After a meeting on the 20th it became clear that the objectives were not as clear as they could be for the project. The ultimate goal is a ID-WSF 2 Client Library that becomes certified liberty interoperable. With this as the goal, it made sense to look at the requirements to achieve this, so we turned to the Liberty Interoperable Testing Procedures for ID-WSF 2.0.

At the moment we are working out the bits that are relevant for a SOAP library. Most everything appears to qualify, but there are some aspects (like browser redirects) which are out of band. So at the moment we are rejiggering the delivery schedule and deliverables.

HELP!!!! If you have access to or have code that implements some or all of the ID-WSF 2.0 WSP requirements, we’d love to test with you. DISCO through some service would be helpful (even a “Hello” service would qualify quite well). Please contact me using asa dot openliberty at zenn  dot net.

A new draft of the IGF Attribute Services API (aka CARML API) has been posted. Also, a couple examples of uses of the IGF “stack” have been added to the wiki.

Your comments and feedback greatly appreciated!

Enjoy.

After hitting virtually every roadblock imaginable (bandwidth issues, memory issues, OS issues, etc.), we’ve finally got HP’s ID-WSF 2.0-compliant “Select Federation” product up and running on Derrick’s Solaris box. Santosh and Pulkit, engineers at HP, have been very helpful in helping us get started with our interop tests. Today we’ve been extracting EPRs from the communication between HP’s IDP and their SP to use in our ClientLib testing.

ClientLib-to-HP SF interop testing will continue this evening and tomorrow.

We’ve set October 12th for our Alpha delivery. By the 12th the ClientLib will be cutting a critical path from bootstrapping a disco epr, through discovery, and interacting with a simple service. We’ve been working with Conor Cahill’s Server Toolkit as our test harness, and scraping queries from his Client.
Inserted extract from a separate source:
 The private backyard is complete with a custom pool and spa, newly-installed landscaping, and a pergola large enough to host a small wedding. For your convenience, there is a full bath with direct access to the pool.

So far so good! You can download what we have and watch the magic happen - the latest versions of OpenSAML’s java libraries are required (specifically java-opensaml2, java-xmltooling, and java-openws). All of the other required jars are shipped with the OpenSAML code.

There will be a great deal more progress over the next several days, but feel free to take a look.
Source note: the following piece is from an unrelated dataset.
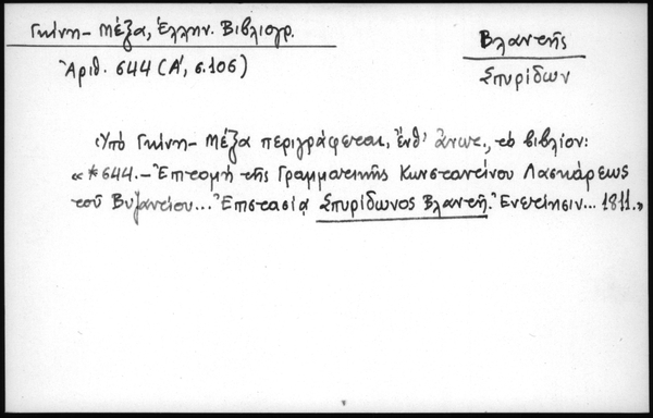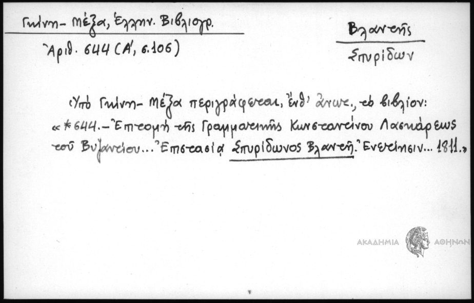 - Υπό Γκίνη - Μέξα περιγράφεται, ένθ΄ ανωτ., το βιβλίον: "*644 - Επιτομή της Γραμματικής Κωνσταντίνου Λασκάρεως του Βυζαντίου... Επιστασία Σπυρίδωνος Βλαντή. Ενετίησιν... 1811"

Prateek Mishra has contributed a new further reading section to the IGF Wiki. Check it out here.

The ID-WSF 2.0 ClienLib developer team has been joined by Todd Guion. He brings excellent experience and energy to the project.

Todd obtained a Ph.D. from Stanford University in 1987 with a degree in Biophysical Chemistry. After starting a biotech company in 1989, Todd started software consulting in San Jose CA. For the next seven years, Todd consulted on several projects in medical imaging using C++ and worked with Apple Inc. writing localization tools. Todd started middleware and java programming in 1995, and started an online auction company etreasure.com in 1997. Todd has been using WebObjects and Java since 1995, and currently lives near Harrisburg PA where he has been consulting for a number of companies, including Motorola and Zenn New Media.

Todd has already been checking in some substantial code.